Le voyage des premiers humains vers l’Australie est un des événements les plus importants de l’histoire, au moins aussi important que le voyage de Christophe Colomb vers l’Amérique ou l’expédition d’Apollo 11 vers la Lune. […]

L’instant où le premier chasseur-cueilleur posa le pied sur une plage australienne fut le moment où l’Homo sapiens se hissa à l’échelon supérieur de la chaîne alimentaire […], puis devint l’espèce la plus redoutable dans les annales de la planète Terre. 

Jusque-là, les hommes avaient manifesté des adaptations et des comportements novateurs, mais leur effet sur l’environnement était demeuré négligeable. Ils avaient remarquablement réussi à s’aventurer dans de nouveaux habitats et à s’y installer, mais ils ne les avaient pas radicalement changés. Les colons de l’Australie ou, plus exactement, ses conquérants, ne se contentèrent pas de s’adapter : ils transformèrent l’écosystème australien au point de le rendre méconnaissable.

Les vagues effacèrent aussitôt la première empreinte de pied humain sur le sable d’une plage australienne. En revanche, avançant à l’intérieur des terres, les envahisseurs laissèrent une empreinte de pas différente, qui ne devait jamais être effacée. À mesure qu’ils progressèrent, ils découvrirent un étrange univers de créatures inconnues dont […] un lion marsupial aussi massif qu’un tigre moderne, qui était le plus gros prédateur du continent.[…]. Le diprotodon géant, wombat de deux tonnes et demie, écumait la forêt. […] Hormis les oiseaux et les reptiles, tous ces animaux étaient des marsupiaux […]. Quasiment inconnus en Afrique et en Asie, les mammifères marsupiaux étaient souverains en Australie. 

Presque tous ces géants disparurent en quelques milliers d’années […].

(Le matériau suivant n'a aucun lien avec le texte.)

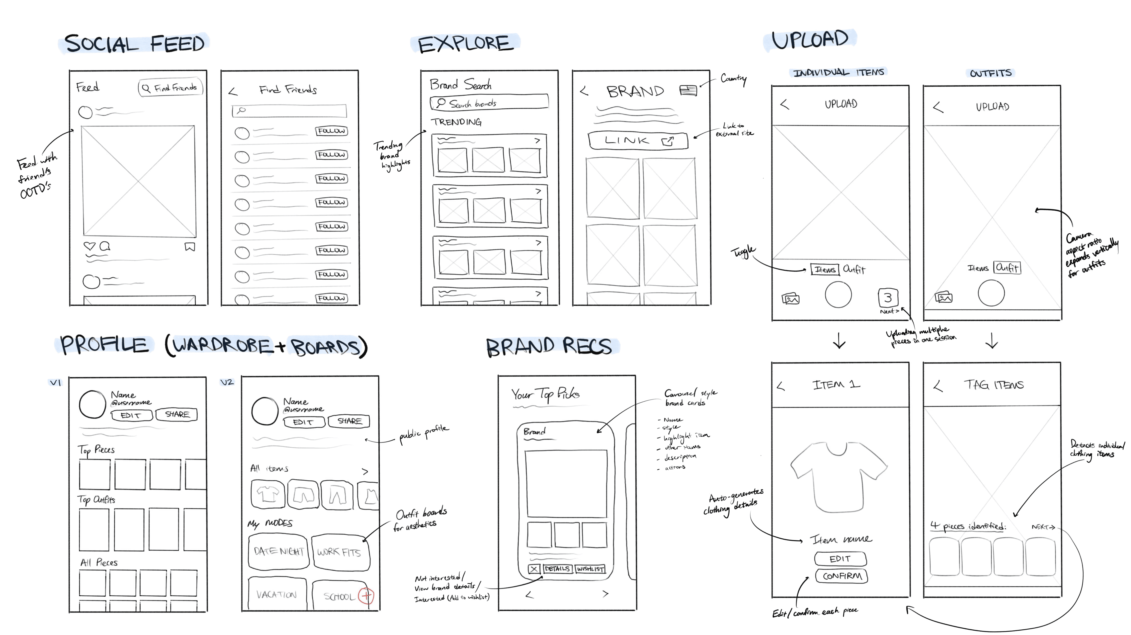 After 34 user interviews across the team with college students, fashion designers, influencers, working adults, and CS outliers...

« Il est courant de nos jours d’expliquer tout et n’importe quoi par le changement climatique, mais la vérité c’est que le climat de la Terre n’est jamais au repos. Il est perpétuellement en mouvement. L’histoire s’est toujours déroulée sur fond de changement climatique.

Si l’extinction australienne était un événement isolé, nous pourrions accorder aux hommes le bénéfice du doute. Or, l’histoire donne de l’Homo sapiens l’image d’un serial killer écologique. »

Homo Sapiens : un désastre pour l'environnement ?

par Yuval Noah Harari, lu par Benoit

Les Amériques avaient été un grand laboratoire d’expérimentation de l’évolution, un espace où avaient évolué et prospéré des animaux et des végétaux inconnus en Afrique et en Asie.

Mais ce n’est plus le cas. Deux mille ans après l’arrivée du Sapiens, la plupart de ces espèces uniques avaient disparu. Dans ce bref intervalle, suivant les estimations courantes, l’Amérique du Nord perdit 34 de ses 47 genres de gros mammifères, et l’Amérique du Sud 50 sur 60. Après plus de 30 millions d’années de prospérité, les chats à dents de cimeterre disparurent. Tout comme les paresseux terrestres géants, les lions énormes, les chevaux et les chameaux indigènes d’Amérique, les rongeurs géants et les mammouths.[…]

La première vague de colonisation Sapiens a été l’une des catastrophes écologiques les plus amples et les plus rapides qui se soient abattues sur le règne animal. […]

Homo sapiens provoqua l’extinction de près de la moitié des grands animaux de la planète, bien avant que l’homme n’invente la roue, l’écriture ou les outils de fer. 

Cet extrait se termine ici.